-- Extracted information follows --

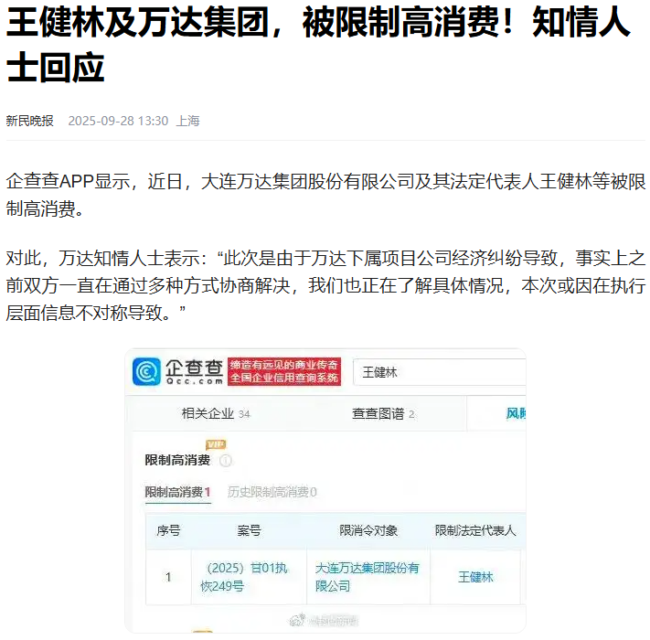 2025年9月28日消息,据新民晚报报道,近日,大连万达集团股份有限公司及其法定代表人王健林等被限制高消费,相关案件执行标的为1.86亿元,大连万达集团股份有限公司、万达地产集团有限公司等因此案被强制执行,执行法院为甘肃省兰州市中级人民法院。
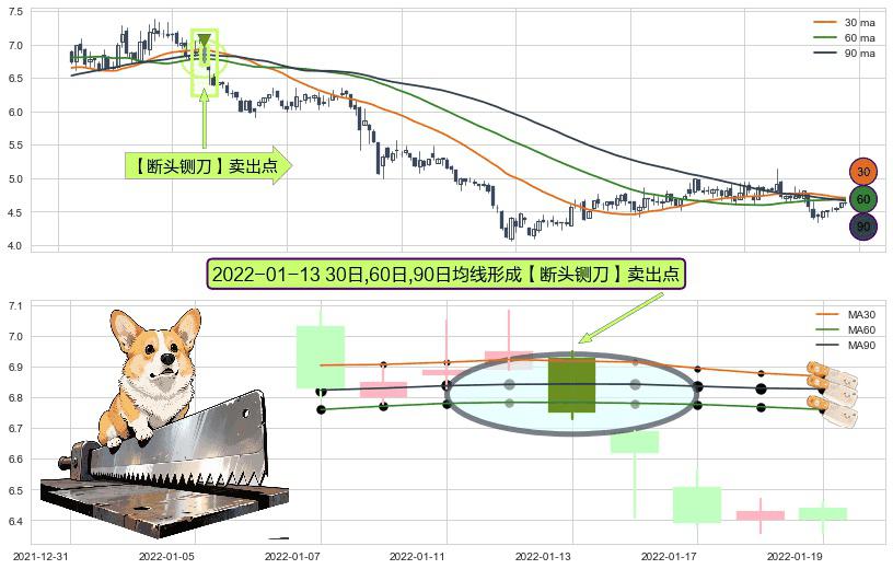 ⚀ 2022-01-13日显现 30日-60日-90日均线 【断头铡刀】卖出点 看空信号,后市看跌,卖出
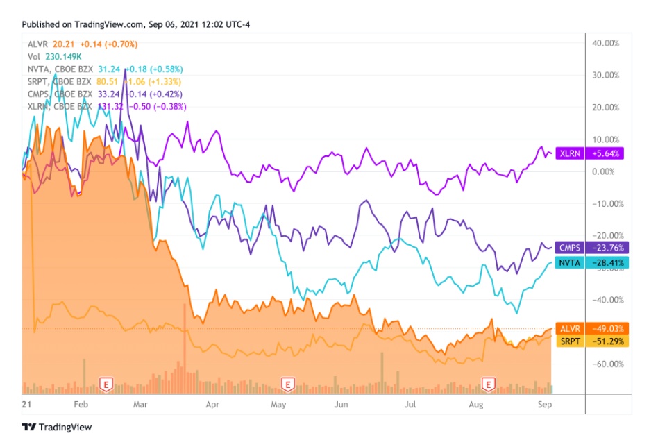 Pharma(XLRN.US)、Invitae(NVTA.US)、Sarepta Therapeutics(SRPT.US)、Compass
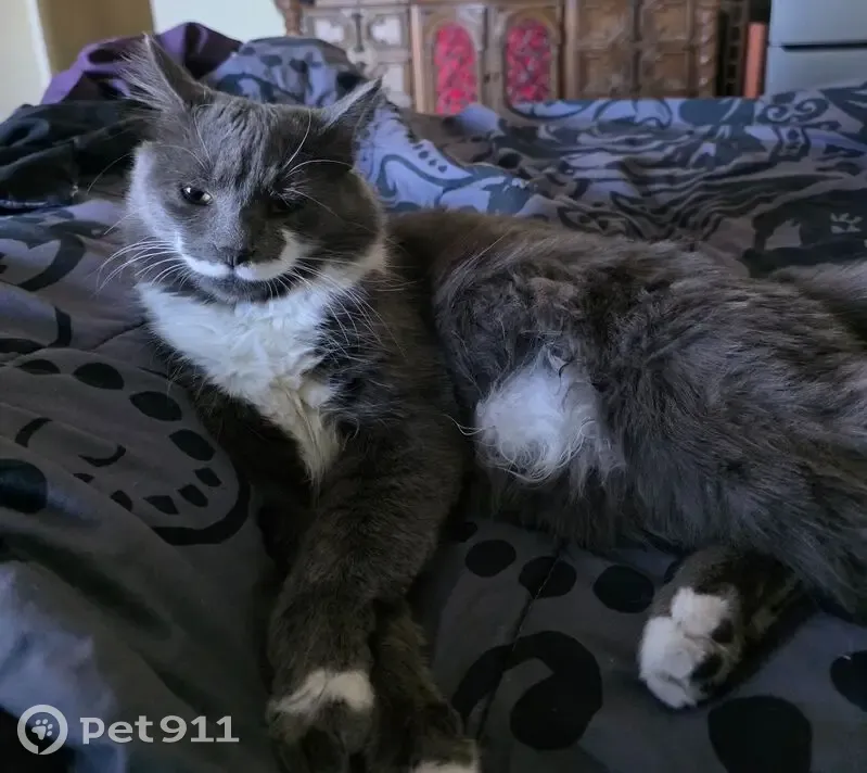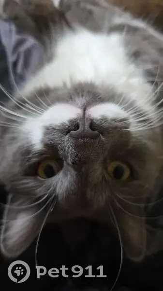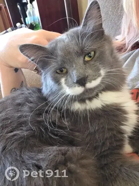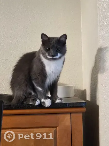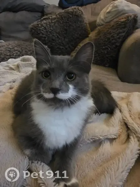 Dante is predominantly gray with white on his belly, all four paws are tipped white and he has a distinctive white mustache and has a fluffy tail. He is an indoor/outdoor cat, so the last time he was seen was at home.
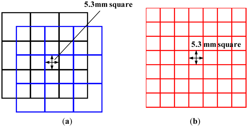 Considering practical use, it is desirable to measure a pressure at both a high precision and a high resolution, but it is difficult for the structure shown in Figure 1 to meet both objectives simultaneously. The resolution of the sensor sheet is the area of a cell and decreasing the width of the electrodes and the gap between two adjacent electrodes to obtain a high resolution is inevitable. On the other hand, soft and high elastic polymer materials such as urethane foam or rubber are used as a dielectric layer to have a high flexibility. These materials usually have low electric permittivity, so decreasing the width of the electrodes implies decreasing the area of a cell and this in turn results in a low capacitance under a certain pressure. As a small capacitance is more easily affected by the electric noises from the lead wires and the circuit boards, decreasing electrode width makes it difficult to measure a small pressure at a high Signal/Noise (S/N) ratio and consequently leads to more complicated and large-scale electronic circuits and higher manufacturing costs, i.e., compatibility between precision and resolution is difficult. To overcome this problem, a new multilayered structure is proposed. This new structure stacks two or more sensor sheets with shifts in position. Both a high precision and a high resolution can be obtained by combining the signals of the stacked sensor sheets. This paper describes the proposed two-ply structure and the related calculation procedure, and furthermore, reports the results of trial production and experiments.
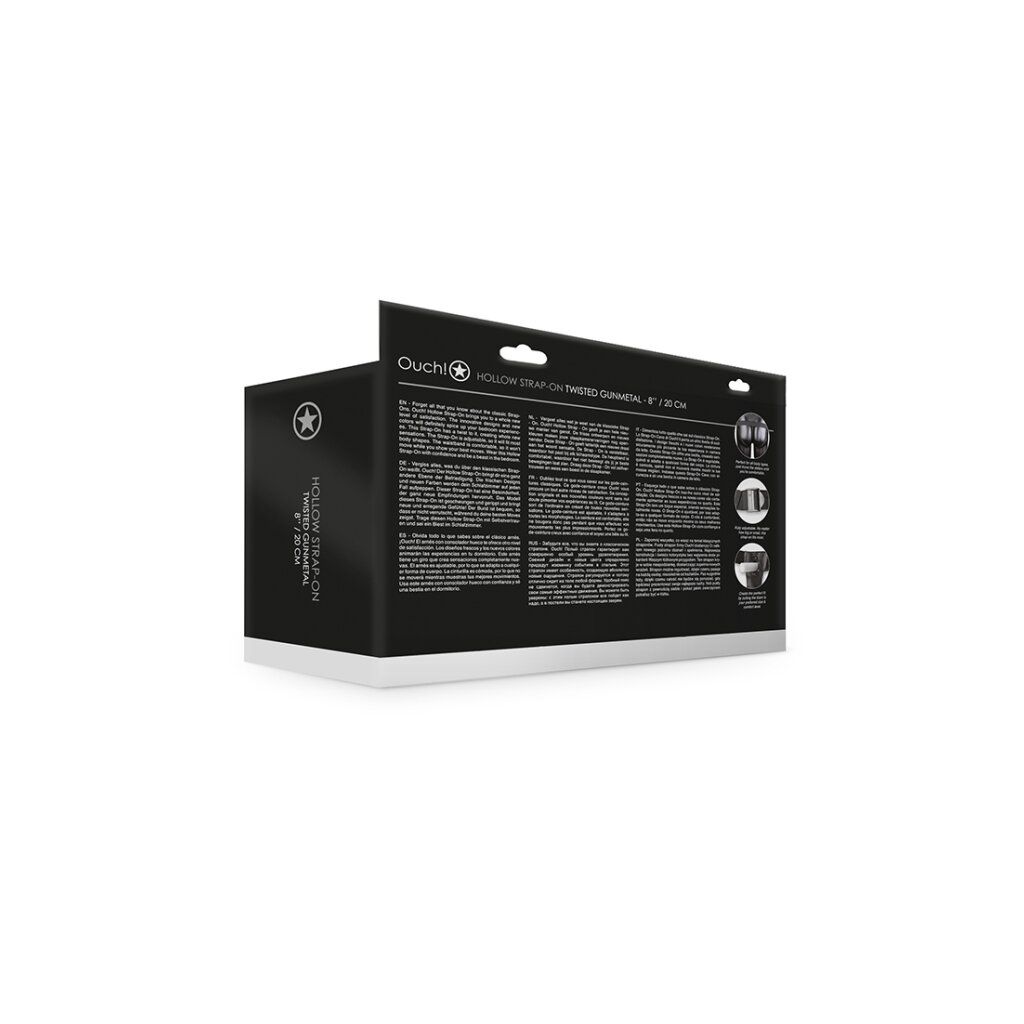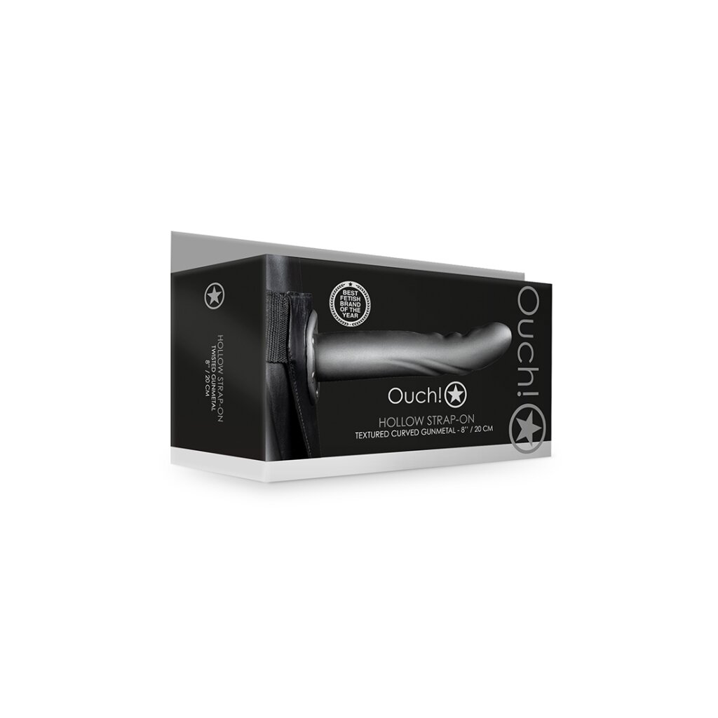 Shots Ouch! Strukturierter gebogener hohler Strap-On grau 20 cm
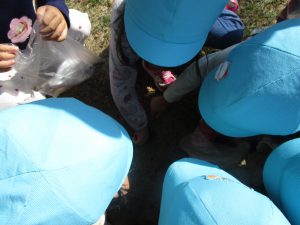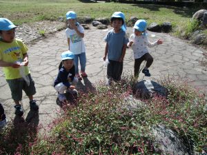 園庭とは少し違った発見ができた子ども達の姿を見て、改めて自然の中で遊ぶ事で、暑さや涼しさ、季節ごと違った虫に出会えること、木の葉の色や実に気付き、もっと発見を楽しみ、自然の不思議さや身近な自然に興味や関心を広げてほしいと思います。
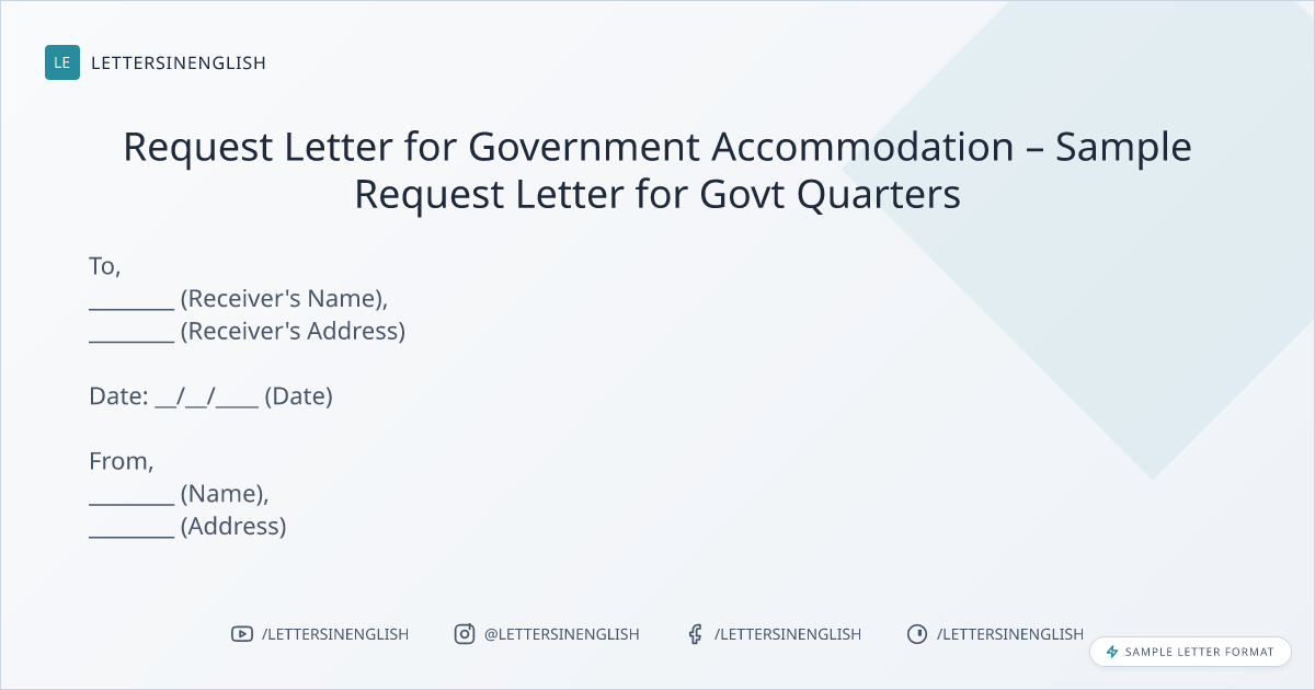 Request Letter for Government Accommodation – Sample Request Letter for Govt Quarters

-- Extracted information concluded --

**Goal of the exercise**
Retype, exactly as written, each line from the one containing "園庭とは少し違った発見ができ" through the end of the data above, and leave out every picture.

**Final answer**
 園庭とは少し違った発見ができた子ども達の姿を見て、改めて自然の中で遊ぶ事で、暑さや涼しさ、季節ごと違った虫に出会えること、木の葉の色や実に気付き、もっと発見を楽しみ、自然の不思議さや身近な自然に興味や関心を広げてほしいと思います。
 Request Letter for Government Accommodation – Sample Request Letter for Govt Quarters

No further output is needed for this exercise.